**Given information**

--------------------------------

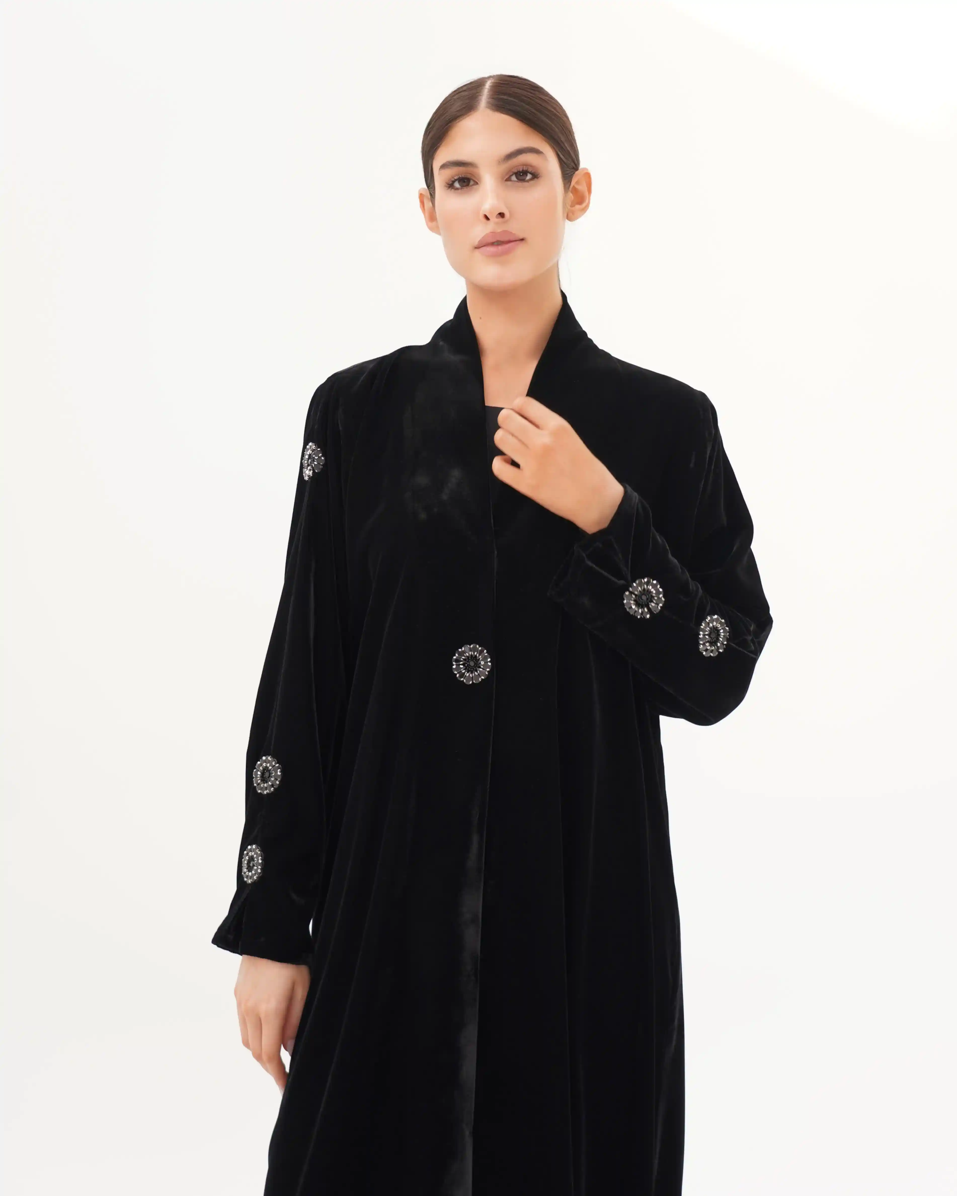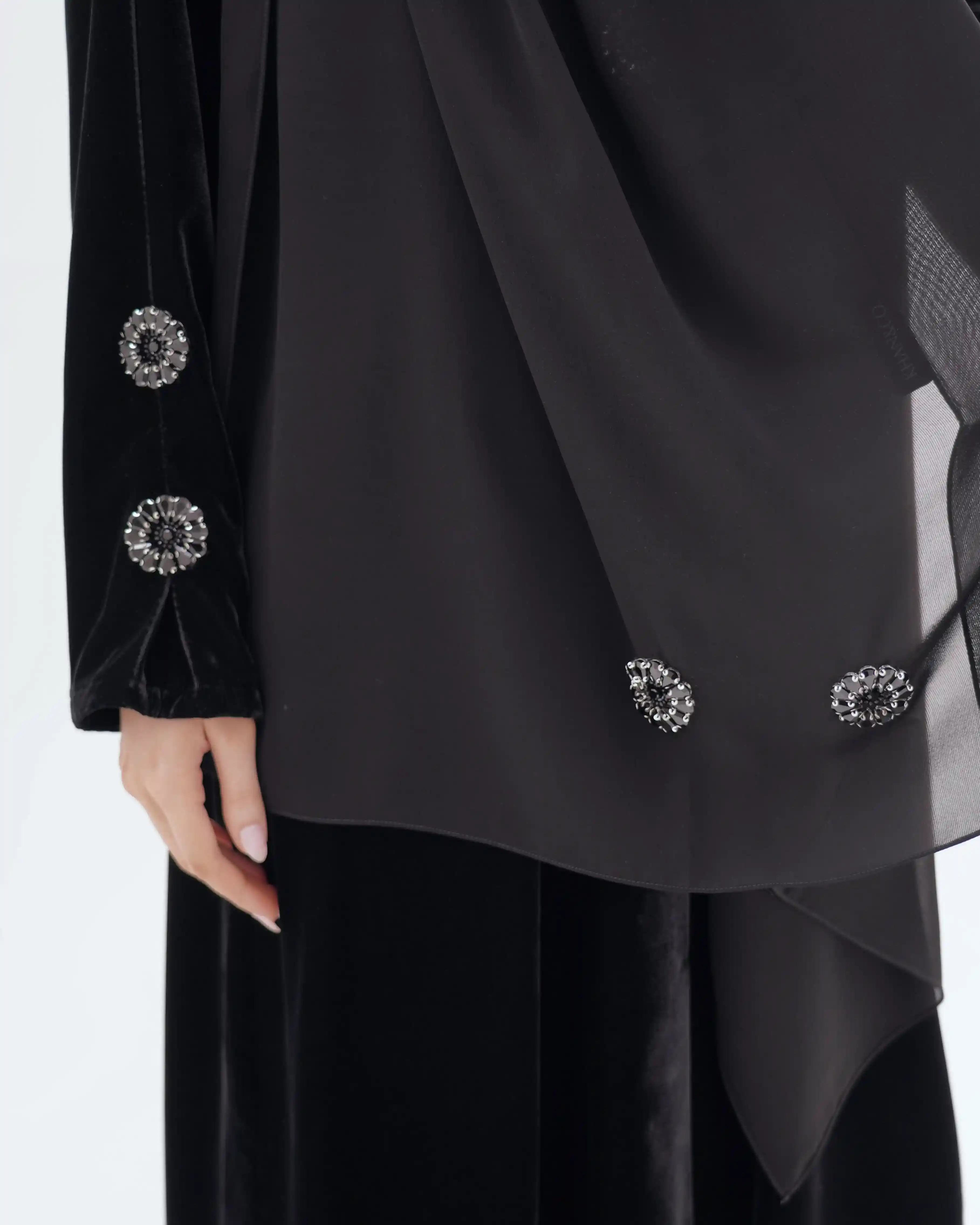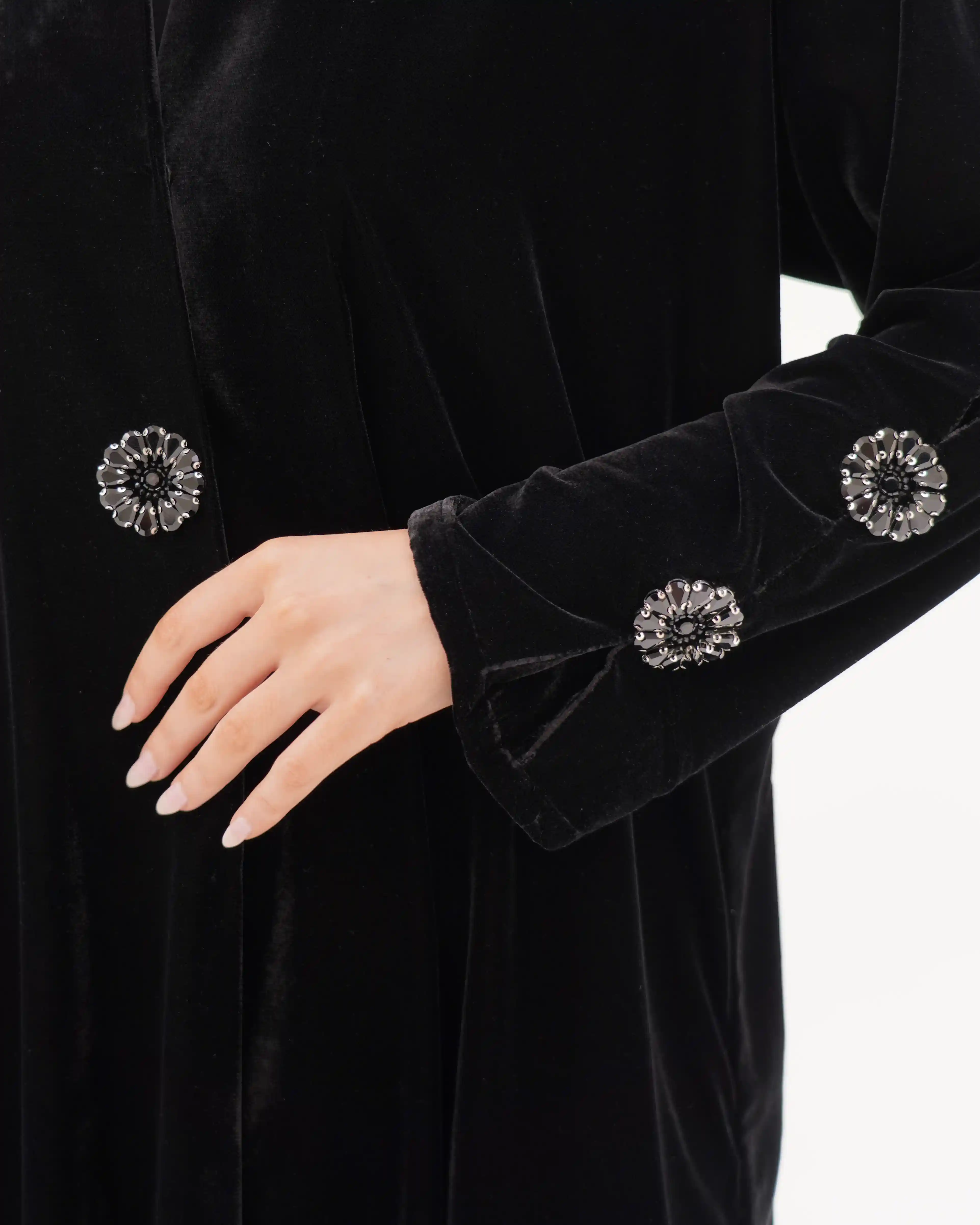 تصميم العباية يرتكز على البساطة الفاخرة بخطوط انسيابية وتفاصيل معدنية/كريستالية تضيف قيمة بصرية راقية دون مبالغة. صُنعت من قماش مخمل حرير بملمس مخملي ومتوسط الوزن. الأكمام تأتي بخط مستقيم ناعم يتزيّن بكريستالات دائرية موزعة بدقة لتمنح توازناً بصرياً وتحوّلها إلى عنصر جمالي بارز. الكريستالات المعدنية الداكنة بلمعتها الراقية تشبه نجمة أو زهرة صغيرة، فتمنح التصميم لمسة أشبه بالمجوهرات وتعكس هوية واضحة للعباية. أما الياقة المستقيمة البسيطة فتضفي مظهراً أنيقاً وتوجّه التركيز نحو تفاصيل الأكمام.
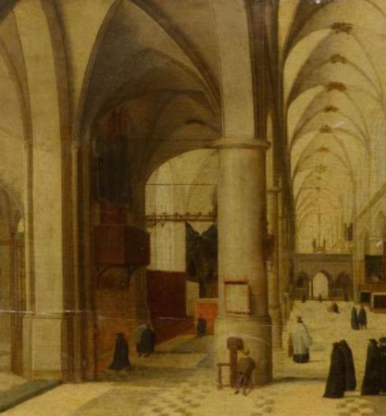 View inside a church with visitors
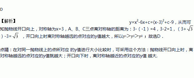 若二次函数y=x2-6x+c的图象过A(-1,y1),B(2,y2),C(3+

--------------------------------

**What to work on**
Repeat the material exactly as it reads, without any of its pictures.

**Result of the exercise**
 تصميم العباية يرتكز على البساطة الفاخرة بخطوط انسيابية وتفاصيل معدنية/كريستالية تضيف قيمة بصرية راقية دون مبالغة. صُنعت من قماش مخمل حرير بملمس مخملي ومتوسط الوزن. الأكمام تأتي بخط مستقيم ناعم يتزيّن بكريستالات دائرية موزعة بدقة لتمنح توازناً بصرياً وتحوّلها إلى عنصر جمالي بارز. الكريستالات المعدنية الداكنة بلمعتها الراقية تشبه نجمة أو زهرة صغيرة، فتمنح التصميم لمسة أشبه بالمجوهرات وتعكس هوية واضحة للعباية. أما الياقة المستقيمة البسيطة فتضفي مظهراً أنيقاً وتوجّه التركيز نحو تفاصيل الأكمام.
 View inside a church with visitors
 若二次函数y=x2-6x+c的图象过A(-1,y1),B(2,y2),C(3+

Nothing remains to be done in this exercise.